The t value of means is:  0.694
The p value based on the t score is:  0.494


#### Insights:
- For the t value of 0.694, we get a p value of 0.494
- P value is much higher than $\alpha$ = 0.05
- So we fail to reject the null hypothesis that the average scores are equal.

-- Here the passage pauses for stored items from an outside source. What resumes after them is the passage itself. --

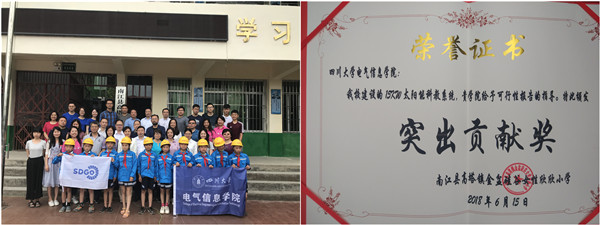 2018年6月15日,由四川大学电气信息学院、中国社会工作联合会、IEEE PES成都专委会、美国硅谷女性协会、上海临港弘博新能源发展有限公司等捐赠的15千瓦屋顶光伏系统暨并网发电仪式在四川省巴中市南江县金盆小学隆重举行,各捐赠方代表参加了启动仪式。
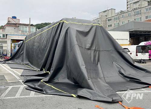 휴어템 관계자는 “전기버스용 질식소화포는 크기가 가로 13m, 세로 20m에 달하지만 경량형으로 개발돼 성인 4명이서 손쉽게 설치할 수 있다”며 “구성품인 롤테이너를 이용하면 보관은 물론 이동까지 가능해 신속하게 화재에 대응할 수 있다”고 설명했다.
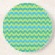 Dessous de verre rond et grès, avec un motif en zigzag de Chevrons Turquoise et Emerald Green sur un arrière - plan vert néon. Une partie de la collection Posh & Painterly 'Blue Moons', basée sur un collage de papier peint à la main par Judy Adamson.
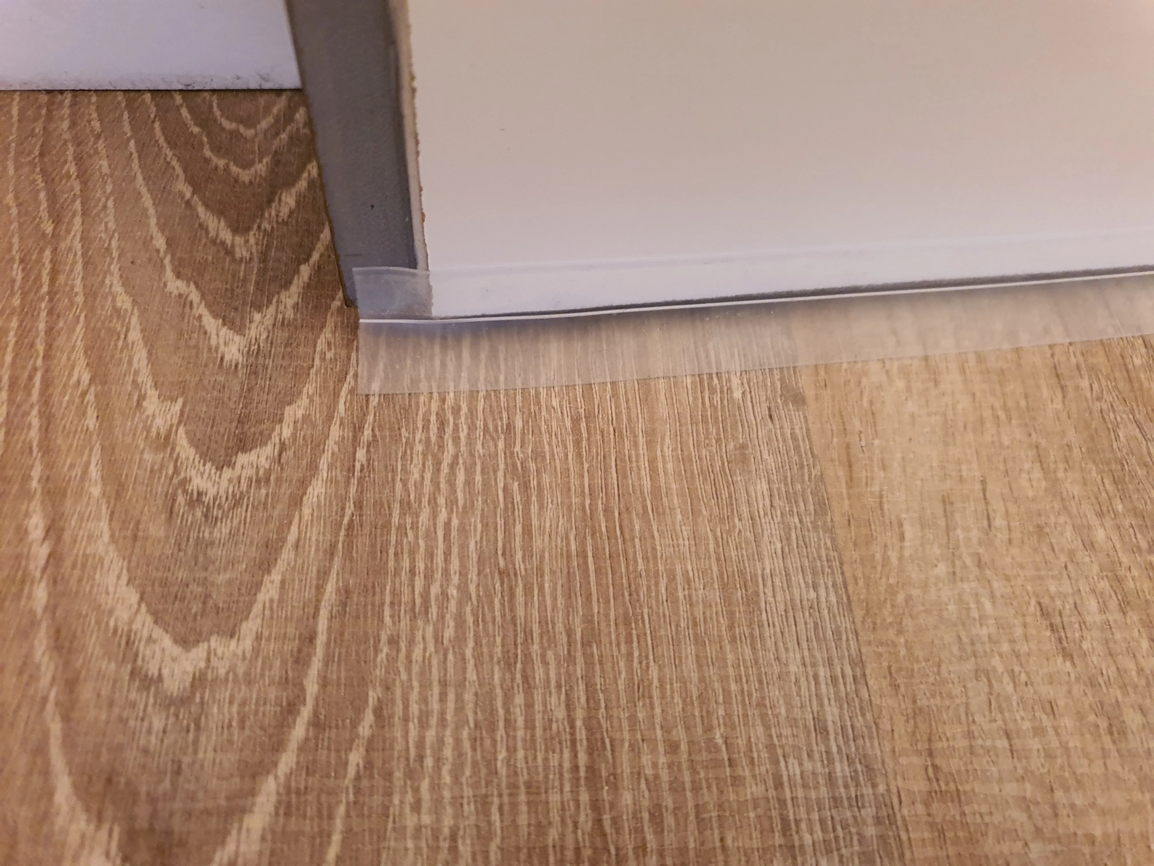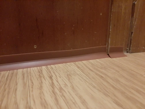 Заклеил щель между шкафом и стеной. Держится крепко. Пока все отлично.
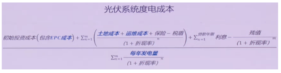 發電系統的度電成本計算起來非常復雜,且有眾多變量和不確定性。在“隆晶晶”前幾天組織的182組件交流推廣會上,晶科展示了光伏系統度電成本的計算方式:
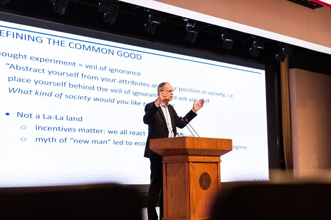 “不同的人对共同利益(common good)定义可能完全不同。”梯若尔教授指出,在定义共同利益时需要设法消除人们内在的主观判断。罗尔斯“无知之幕”(the veil of ignorance)的思想实验可以较好地解决这个问题:假如我不知道自己是男是女,身体状态好坏,家庭富裕或贫穷,受过良好教育还是目不识丁等等,那么我会选择在什么样的社会生活呢?梯若尔教授认为一个追求共同利益的社会至少应该包含三个方面的制度设计:公平的法制环境以保障经济有效率地运行,良好的保险制度以免个体遭受不幸,以及允许人们在种族、信仰等方面存在差异的社会规范。

### 3. Usefullness of test preparation

In [14]:
df_course_yes = df.loc[df['Test preparation'] == 'completed']
df_course_yes.reset_index(drop= True, inplace=True)
df_course_yes

Unnamed: 0,Gender,Test preparation,Total Marks
0,female,completed,40
1,male,completed,44
2,male,completed,43
3,female,completed,48
4,male,completed,44
5,female,completed,50
6,female,completed,43


In [15]:
df_course_no = df.loc[df['Test preparation'] == 'none']
df_course_no.reset_index(drop = True, inplace=True)
df_course_no.head()

Unnamed: 0,Gender,Test preparation,Total Marks
0,male,none,14
1,female,none,28
2,female,none,18
3,female,none,48
4,female,none,21


In [16]:
df_course_yes.describe()

Unnamed: 0,Total Marks
count,7.0
mean,44.571429
std,3.359422
min,40.0
25%,43.0
50%,44.0
75%,46.0
max,50.0


In [17]:
df_course_no.describe()

Unnamed: 0,Total Marks
count,21.0
mean,28.238095
std,11.661495
min,12.0
25%,18.0
50%,27.0
75%,38.0
max,48.0


#### Insights:
- 7 students completed the test preparation course while 21 didn't
- The average marks of students who completed the course is 44.57
- The average marks of students who didn't complete is 28.24

#### Hypothesis:
- $H_{0}$ : The average score of students who completed vs students who didn't is equal
- $H_{a}$ : The average scores of students who completed are higher
- Significance value $\alpha$ : 0.05

Performing one-tailed t-test

In [18]:
t_value_2, p_value_2 = stats.ttest_ind(df_course_yes['Total Marks'], df_course_no['Total Marks'], alternative='greater')

In [19]:
print("The t value is: ", round(t_value_2, 3))
print("The p value is: ", round(p_value_2, 5))

The t value is:  3.614
The p value is:  0.00063


#### Insights:
- For the t value of 3.614, we get a p value of 0.00063
- P value is much lower than $\alpha$ = 0.05
- So we reject the null hypothesis that the scores are equal
- The students who completed the course have higher average score

#### Conclusion: 
> The test preparation course is usefull.